▶ Task to complete: Leaving out every picture, copy the lines of the material below exactly, from the line containing "中控按键也使用了全新的按键设" through the line containing "Like Texture Brown".

▶ Exercise materials:
-.-.-
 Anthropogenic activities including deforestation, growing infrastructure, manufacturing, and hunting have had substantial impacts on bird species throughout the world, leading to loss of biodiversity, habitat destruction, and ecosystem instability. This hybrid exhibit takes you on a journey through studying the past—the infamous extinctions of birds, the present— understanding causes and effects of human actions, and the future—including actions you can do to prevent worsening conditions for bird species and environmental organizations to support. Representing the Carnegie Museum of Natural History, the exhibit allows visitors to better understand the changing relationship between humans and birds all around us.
-.-.-
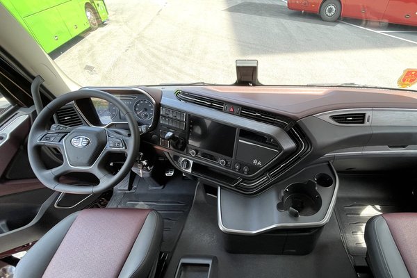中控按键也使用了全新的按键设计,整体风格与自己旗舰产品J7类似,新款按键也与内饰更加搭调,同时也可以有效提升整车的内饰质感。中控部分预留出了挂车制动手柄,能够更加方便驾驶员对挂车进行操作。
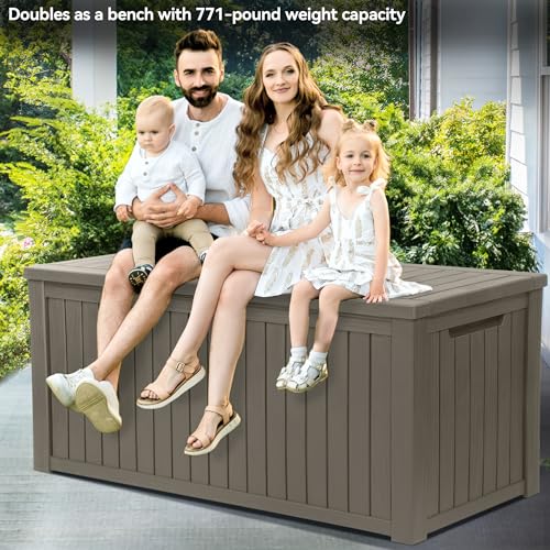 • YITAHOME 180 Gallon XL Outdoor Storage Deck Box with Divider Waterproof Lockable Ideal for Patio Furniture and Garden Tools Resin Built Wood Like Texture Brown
-.-.-
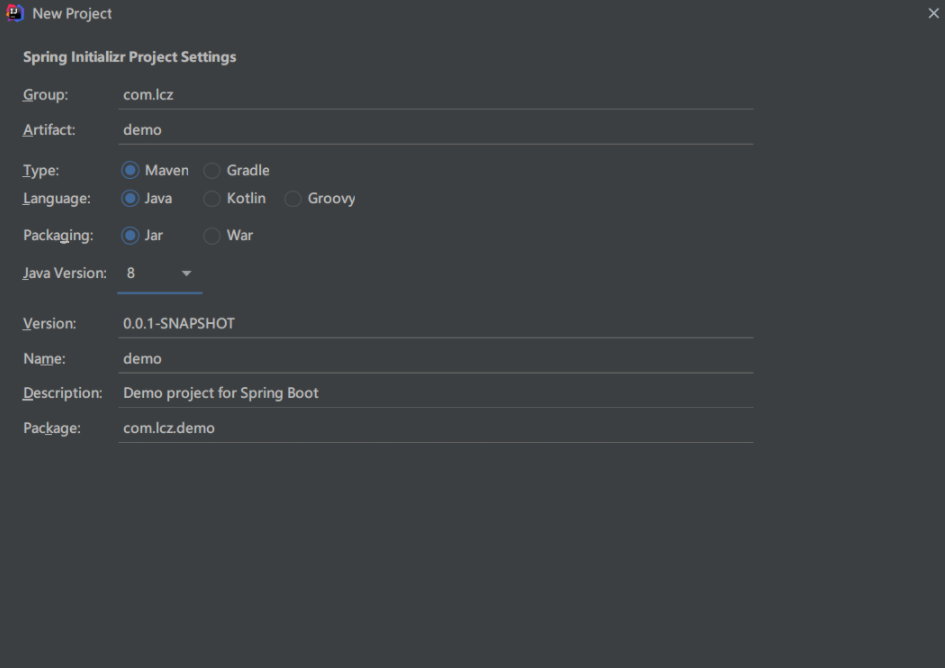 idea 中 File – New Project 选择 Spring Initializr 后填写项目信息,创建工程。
-.-.-
▶ Solution to the problem:
中控按键也使用了全新的按键设计,整体风格与自己旗舰产品J7类似,新款按键也与内饰更加搭调,同时也可以有效提升整车的内饰质感。中控部分预留出了挂车制动手柄,能够更加方便驾驶员对挂车进行操作。
 • YITAHOME 180 Gallon XL Outdoor Storage Deck Box with Divider Waterproof Lockable Ideal for Patio Furniture and Garden Tools Resin Built Wood Like Texture Brown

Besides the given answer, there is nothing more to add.